Exercise - Simulation, school grades and statistical power

The impact of extra lessons on students’ grades, a statistical power analysis.

Published

September 23, 2025

Instructions

Due date: Wednesday September 24th, 8:30am

Submission: https://forms.gle/Atne4vcTA48ht3vKA

Submission type: please submit your .html document (not a .qmd document), generated with Quarto, implementing the analysis required and answering the questions below.

Warning

Make sure to include the following lines as an option to your document (at the very top of your .qmd document, between the two series of ---. Don’t forget to remove the pre-existing format: html line, if there is one). It will produce a self-contained html, ie, a nicely rendered html that stands alone:

format:
  html:
    embed-resources: true

Number of observations and proportion of treated

Finish the simulation we started in class (accessible here, varying the number of observations. Keep in mind that this simulation is extremely simple and may not produce a power analysis suitable for actual implementation.

Question 1

Make a graph of the evolution of the statistical power with the number of observations. How many observations do we need to reach the traditional 80% threshold?

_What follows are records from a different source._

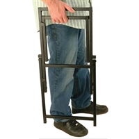 Firkantet bund til at skabe stabilitet. Gummifødder så den ikke glider eller vibrerer. Stativet kan let foldes sammen, og der er en lille spilt, der holder den samlet.
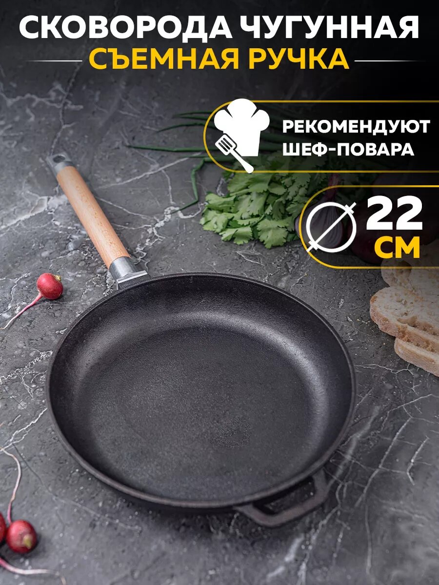 Купить Сковорода чугунная 22 см со съемной ручкой
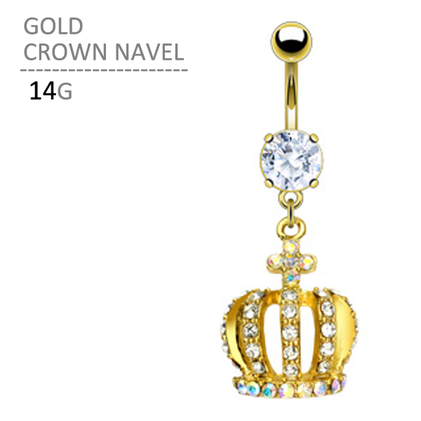 へそピアス ゴールドクラウンネイブル 14G 王冠 ボディピアス ボディーピアス カーブドバーベル カーブバーベル トラガス ヘリックス 耳ピアス 軟骨ピアス ピアッシング ヘソピアス ゴールド サージカルステンレス
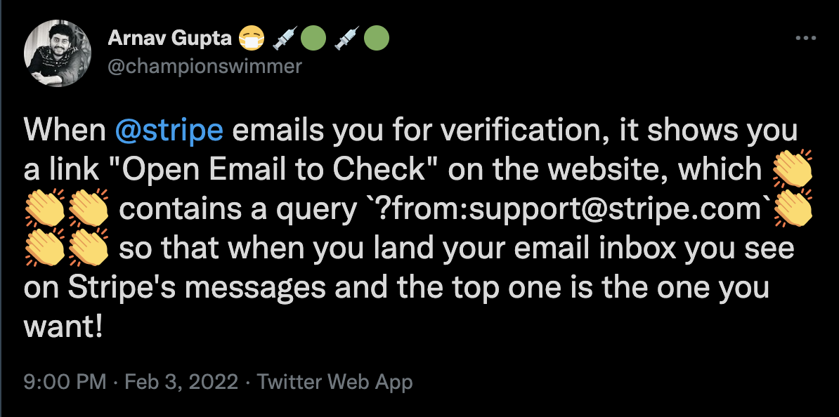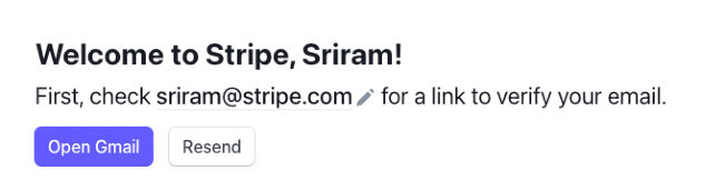When you sign up for a Stripe account, the app takes you to a dashboard page as soon as your account is created and shows a message asking you to verify your email address by clicking on the link sent to you email. Pretty standard right? Well, Stipe steps this UX up a notch by having a button on this landing page to open your email. And they take this to the next level by opening your email with a search query embedded to filter out only the emails sent by Stripe. This is an amazing UX.
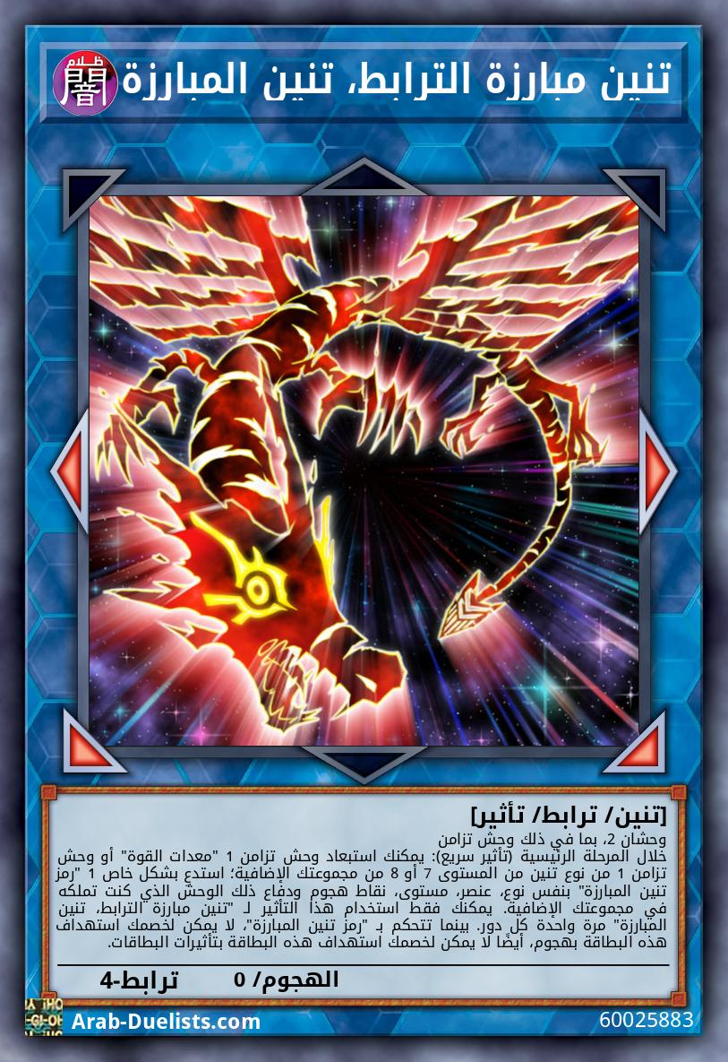 وحشان 2، بما في ذلك وحش تزامن خلال المرحلة الرئيسية (تأثير سريع): يمكنك استبعاد وحش تزامن 1 "معدات القوة" أو وحش تزامن 1 من نوع تنين من المستوى 7 أو 8 من مجموعتك الإضافية؛ استدعِ بشكل خاص 1 "رمز تنين المبارزة" بنفس نوع، عنصر، مستوى، نقاط هجوم ودفاع ذلك الوحش الذي كنت تملكه في مجموعتك الإضافية. يمكنك فقط استخدام هذا التأثير لـ "تنين مبارزة الترابط، تنين المبارزة" مرة واحدة كل دور. بينما تتحكم بـ "رمز تنين المبارزة"، لا يمكن لخصمك استهداف هذه البطاقة بهجوم، أيضًا لا يمكن لخصمك استهداف هذه البطاقة بتأثيرات البطاقات.
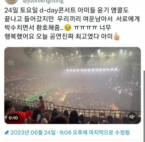 오늘 떼창쩔었다던데 너무 감동이다ㅠㅠㅠㅜ
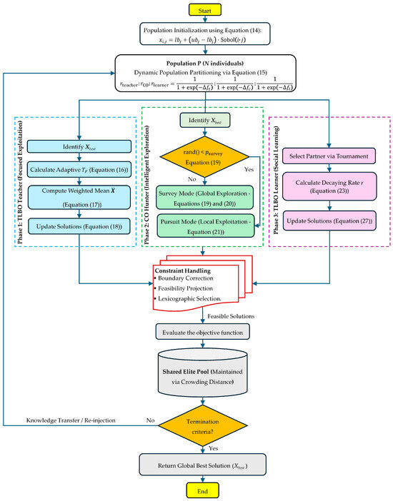 As demonstrated in Figure 1, the structure of the algorithm consists of three parallel optimization streams, each with a distinct search behavior, while concurrently engaging in continual, coordinated information sharing. The TLBO Teacher Phase provides specialized exploitation with gradient-informed mechanisms to refine solution quality in promising areas. Meanwhile, the CO Hunting Phase induces intelligent exploration with biological motifs, vigorously sieving through the search territory for new optima. A joint elite pool acts as an anchor knowledge repository, facilitating dynamic information sharing amongst these phases. This pool is moderated with a crowding distance criterion to ensure population diversity and prevent premature convergence. This dual process of competitive exclusion and cooperative learning ensures an effective balance between global exploration potential and local exploitative precision.
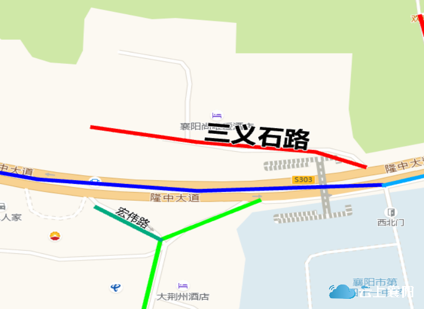 9.三义石路:此路位于隆中街道千山社区,长约107米,宽约4米,呈东西走向,东起隆中大道与檀溪路交界,接万山天桥,西至万山供销社小区门口。三国时,刘备、关羽、张飞三兄弟,从襄阳往西经此处到隆中,请诸葛亮出仕。万山上至今还有张飞井、关羽“刀劈石”、“三义石”,故命名为三义石路。
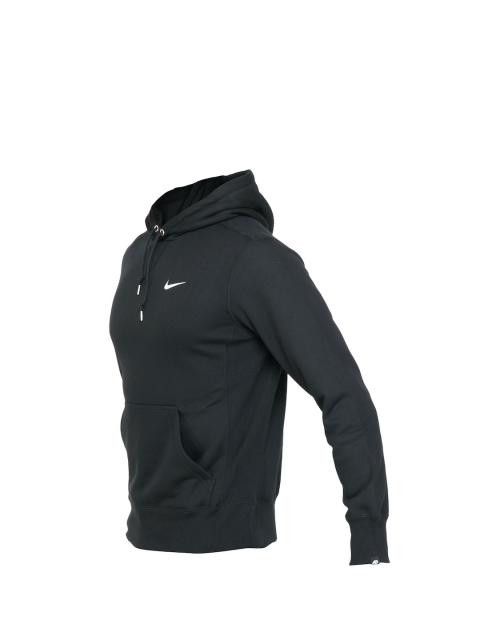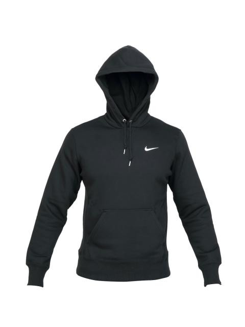 Black hoodie sweatshirt with the body and hood made of 80% cotton and 20% polyester and ribbing made of 97% cotton and 3% spandex, has a hood with drawstrings, full sleeves with ribbed cuffs, ribbed panels along the sides and hem, pockets on the front waist and embroidered nike swoosh on the left chest
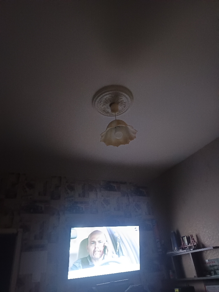 The image depicts an indoor scene within a room located in the city of Dobrich, Bulgaria. The upper portion of the frame shows a light-colored ceiling with a central, decorative white ceiling medallion from which a single ceiling light fixture hangs. The fixture consists of an off-white, ruffled or flower-shaped glass shade containing a visible light bulb. Below the ceiling fixture, a wall covered with wallpaper featuring a collage-like pattern of text and images in muted tones is visible. In the lower-center of the frame, a bright flat-screen television is illuminated, displaying content. The screen shows a male individual, appearing to be bald or with very short hair, with a visible injury or blood on the left side of his face, extending from the temple towards the cheek. He is wearing a dark vest or jacket over a lighter garment and is positioned inside what appears to be a vehicle, with a steering wheel and parts of the car interior visible in the background. To the right of the television, a plain light-colored wall is visible, on which a white wall-mounted shelf system is installed. The upper shelf holds several indistinct objects. The lower shelf displays an item labeled "EA SPORTS FIFA 94." A dark, vertical object, possibly a doorway or furniture, is partially visible on the far left of the frame. The overall lighting in the room is dim, primarily illuminated by the television screen.

Next, vary the proportion of treated observations.

Question 2

Which proportion of treated observations maximizes statistical power? Make a graph in which both sample size and proportion of treated observations vary.

Effect size

Question 3

How does statistical power vary with effect size? Make a simulation and comment your results.

Quickly explore the economics of education literature (for instance Kraft (2020) , to get a sense of the typical magnitude of treatment effects in this literature.

Question 4

What value would you choose for the true effect? Very briefly explain your choice.

Run the power simulation, varying the sample size.

Question 5

Under this hypothetical true effect size, which sample size would you choose? Explain your answer.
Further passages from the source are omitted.